Scams come even before the match starts

Before official ticket sales began, fraudsters were already at work on the tournament: creating fake listings, cloned resale sites, phishing messages designed to extract money and personal details. The methods are worn out. Fake “official” portals mimic the real branding behind similar-looking URLs; Phishing emails impersonate organizers and threaten exclusive access; Social ads promise guaranteed seats at suspiciously low prices and don’t provide a fake PDF or anything. Streaming fans follow the same logic, where the cheapest, most convenient link is often the most dangerous.

This is where Norton’s back catalog appears inside everyday browsing. Anti-phishing, scam-site detection and malicious-page blocking run in the background, flagging dangerous links as they appear after the card number has already been entered. Whether this is enough to change fan behavior is an open question. People are remarkably willing to click on the alert when a match is about to start. But moving the security measure into the browser, rather than a separate app, puts it where the risk really is.

Access without setup wizard

It’s also just a matter of accessing a valid stream. Finding officially licensed providers depending on the country, limiting connections at peak hours, and varying restrictions on platforms all get in the way. The usual solution is to configure a separate VPN with your own account and billing, which is its own kind of friction. Neo folds Norton’s award-winning VPN technology into the browser itself, and can be easily turned on or off. This matters most in the situations that the tournament actually creates: connecting to an unfamiliar hotel network, an airport layover, a one-time public Wi-Fi where a large portion of the fans say they will watch.

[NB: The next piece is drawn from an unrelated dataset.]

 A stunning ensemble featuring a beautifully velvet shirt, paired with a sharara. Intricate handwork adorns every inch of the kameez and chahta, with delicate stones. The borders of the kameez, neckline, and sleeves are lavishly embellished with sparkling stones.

Neo also searches for legitimate streams directly in the browser. It has a dedicated widget with live game schedules, match reminders and direct streaming links for every game, offering the right licensed source for your market without having to search separately.

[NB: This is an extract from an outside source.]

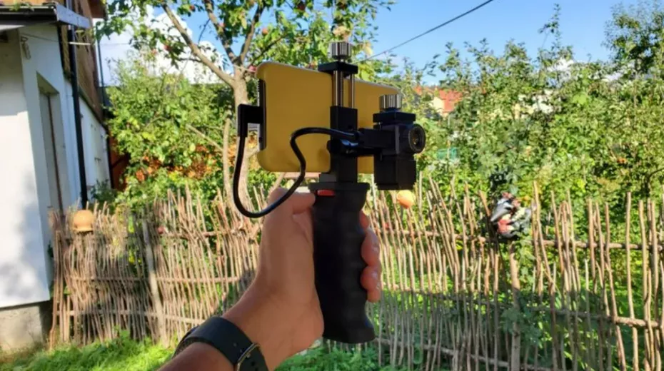 В сборе это выглядит таким образом. Пользоваться в таком виде очень удобно: держите конструкцию за ручку перед собой и сразу видите на экране смартфона термограмму. Можно использовать на ходу.

“Most people don’t want to manage their security or the validity of a link, they want to watch the game,” says Xu. “So we took the burden away from the individual. Security is on, the connection is private, and you never have to set up anything.”

cool by design

Underneath the tournament use case is the idea that Neo keeps coming back to: cool by design, privacy and security settings work together inside a clean interface rather than buried in menus. Because the browser can guess instead of waiting to be asked, it brings up what the fan wants next. A reminder about an upcoming match, a quick summary of the day’s results, a prompt to resume where they left off. Personal data remains on the device until the individual decides otherwise.

Whether this approach wins meaningful share in the market Chrome still dominates is undecided. But Norton Neo says they invented a browser to make the lives of 5.8 billion potential visitors easier.

Fans can find the streams available for their market at lp.neobrowser.ai/tournament_stream.